Influence of dynamic temperature control on the injection molding process of plastic components

Abstract

Conventional injection molding (CIM) technology has been largely used to produce plastic parts, mainly on automotive industry, due to high production ratios, constricted dimensional tolerances production, and low labor costs. Nowadays, industry has been demanding for thinner and lighter molded parts production, with better mechanical properties. Low mold temperatures (≈60ºC) are used to decrease the cycle molding time and process final costs. However, the fast cooling of parts can easily result in surface defects, such as weld lines, sink marks, or warpage. To avoid such defects and eliminate the need for secondary operations (additional operating costs), a dynamic mold heating and cooling control technology known as Rapid Heating and Cooling Molding (RHCM) can be employed.
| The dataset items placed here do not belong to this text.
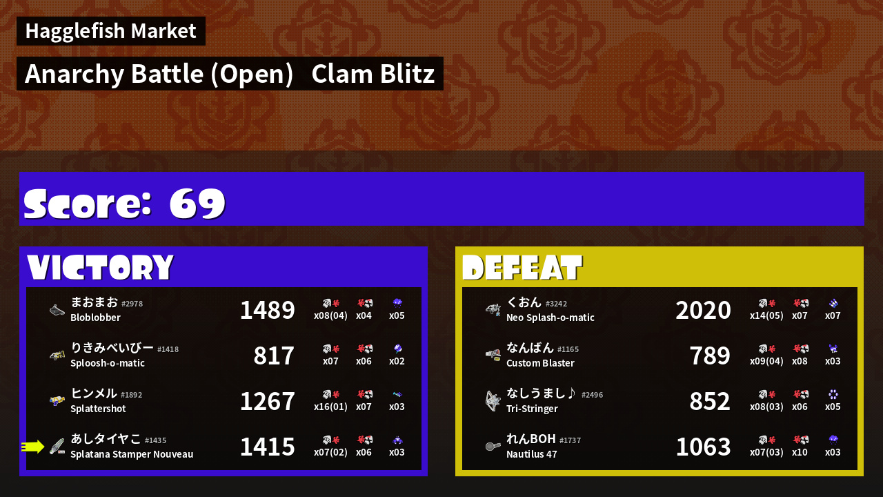 | Mode | Clam Blitz - Anarchy Battle (Open) | ||
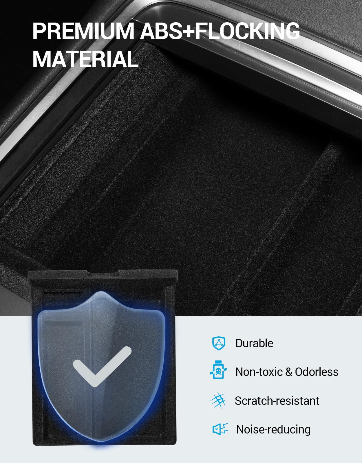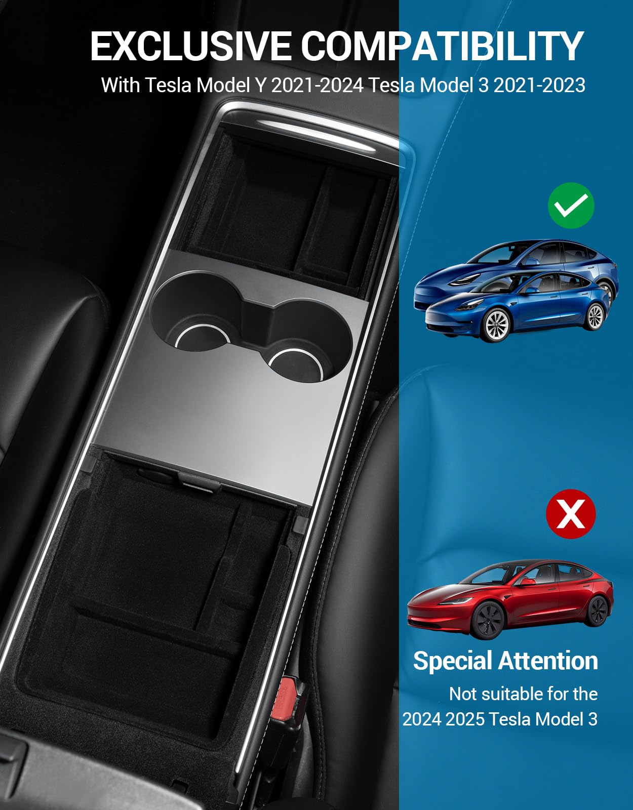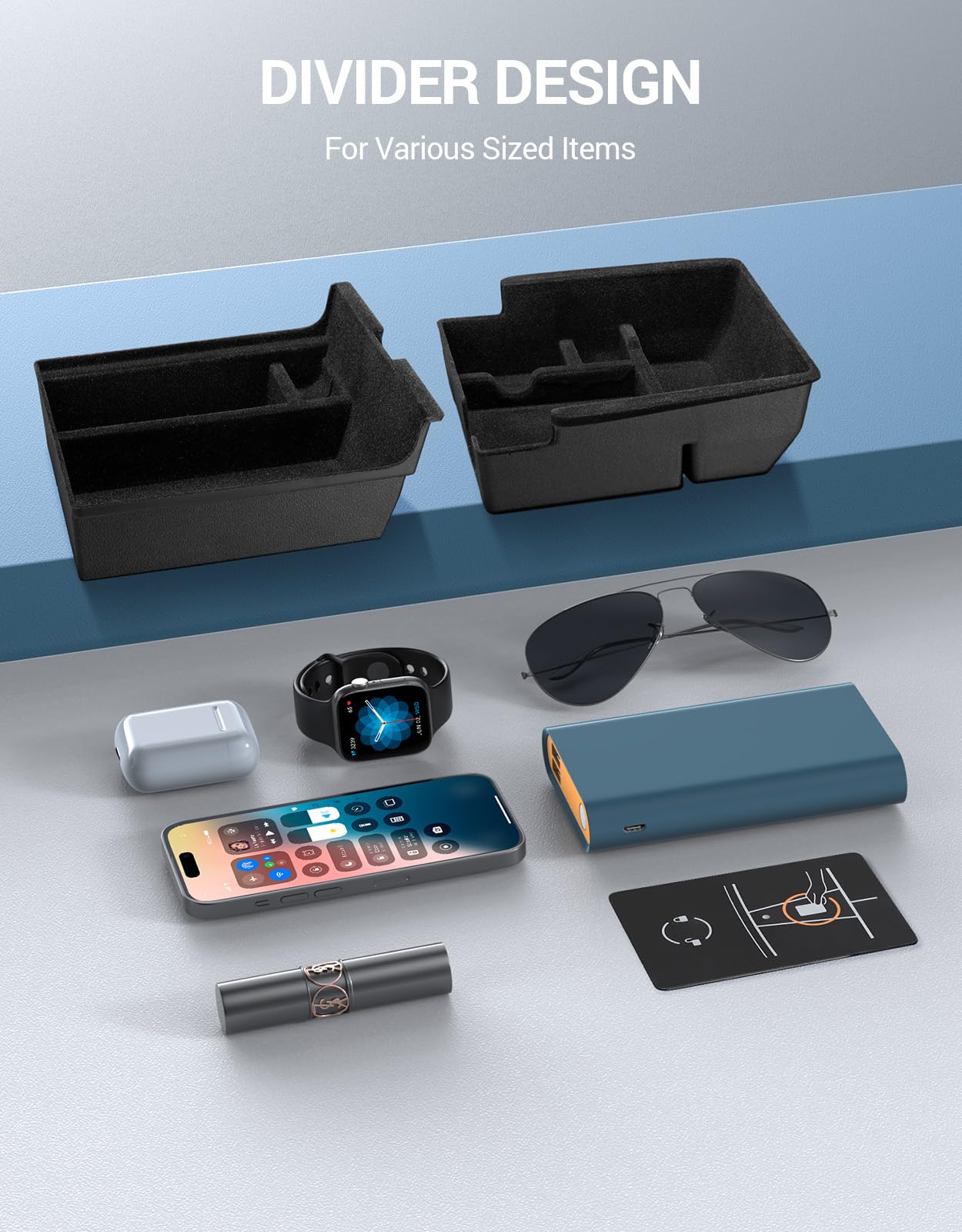 Motrobe center console organizer is custom-cut specifically for the 2021-2024 Tesla Model Y, ensuring a perfect fit and keeping your console in impeccable order. The package includes a cup holder, center console organizer, armrest storage, armrest hidden storage box, and under-seat storage.
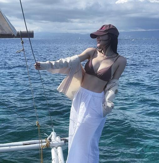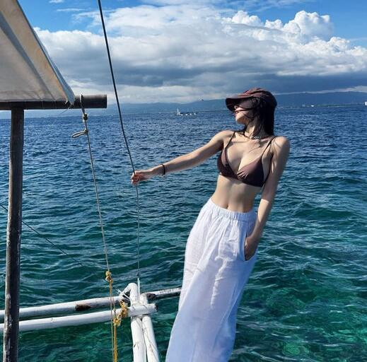 12일 이솔이는 자신의 소셜 계정에 다양한 사진을 공개했다. 구름이 가득한 푸른 하늘과 청록빛 바다 물결이 아름다운 곳을 배경으로 둔 채 이솔이는 요트 위로 보이는 곳에서 끝을 잡고 서서 포즈를 취하고 있었다.
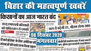 Bihar News, Patna, Bhagalpur, Gaya, Muzzaffarpur, Corona Vaccine, Weather Alert, Bharat Bandh In Bihar, Farmers Protest, Kisan Andolan: भारत बंद को लेकर बिहार में विशेष तैयारी है. लगभग सभी विपक्षी दल किसान आंदोलन में समर्थन दिए है. राज्य में बुधवार से और ठंड बढ़ने की संभावना है. इधर, रिसर्च प्रोजेक्ट के लिए अमेरिका के हार्वर्ड विश्वविधालय जैसे संस्थाओं की पसंद बना है गया का जिला स्कूल. आइये जानते हैं राज्य की क्राइम, कोरोना, वेदर, बंद से जुड़ी अन्य खबरें जो बनीं अखबारों की सुर्खियां
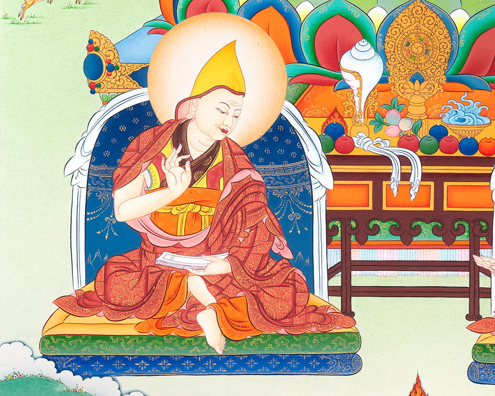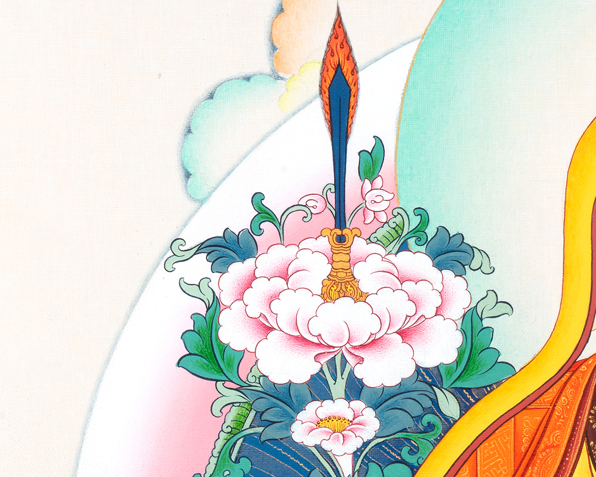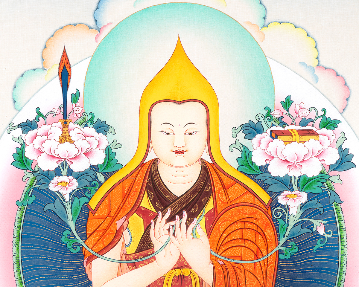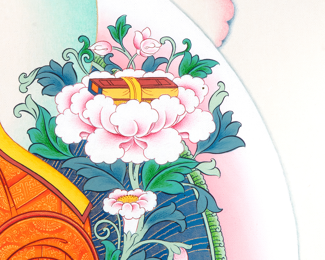In this sacred composition, Je Tsongkhapa is seated on a lotus throne symbolizing purity and spiritual awakening. He holds the stems of lotus flowers, supporting the sword of wisdom and the Prajnaparamita scripture, representing the realization of ultimate truth and the perfection of wisdom. These symbolic elements reflect the deep philosophical teachings he transmitted to countless practitioners.
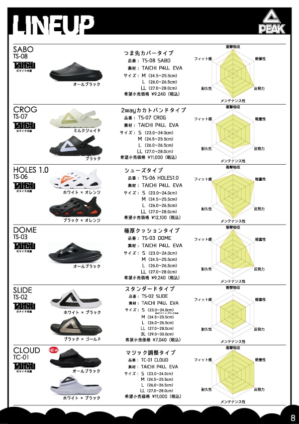 PEAKが開発した次世代クッション素材『TAICHI(タイチ)』を使ったサンダルです。リカバリーサンダルが持つ無反発性と、スポーツサンダルの持つ高反発性を合わせ持ち、状況によってその性質を変える新感覚素材です。
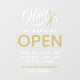 Opening hours window cling for your hair salon or hair styling business with Hair written in a white swirly calligraphy script next to a pair of gold colored scissors. Personalize with your opening hours. Add your phone number too so your clients know where to call to make an appointment.
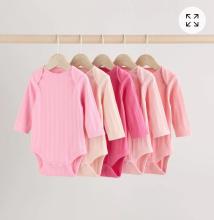 Buy Bright Pink - Lot de 5 bodys côtelés 100% coton manches courtes bébé from Next Belgium
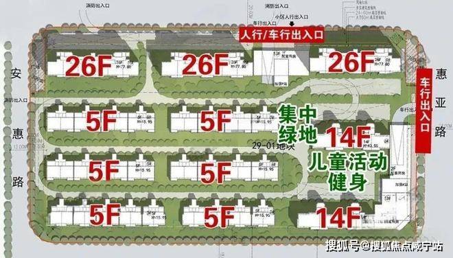 ✅✅华润华发·时代之城售楼处电话:400-8800-703✅✅29-01地块原设计方案,将北面人行/车行的出入口向西侧的安惠路方向进行了调整,并疑似将北面的主入口调整到了惠亚路一侧。

Based on RHCM, this study compared the efficiency of using heating rods, water flow, and external infrared heating systems to investigate the effect of dynamic temperature control on the injection molding process. An experimental injection mold was manufactured and used for the studies under controlled conditions to produce standard tensile and flexure specimens. The effect of process parameters, geometry of the runner system, location of the injection point, and other relevant settings was considered. From this study, new insights were obtained regarding the industrial application of RHCM as well as the degree of efficiency of different design solutions for the RHCM process.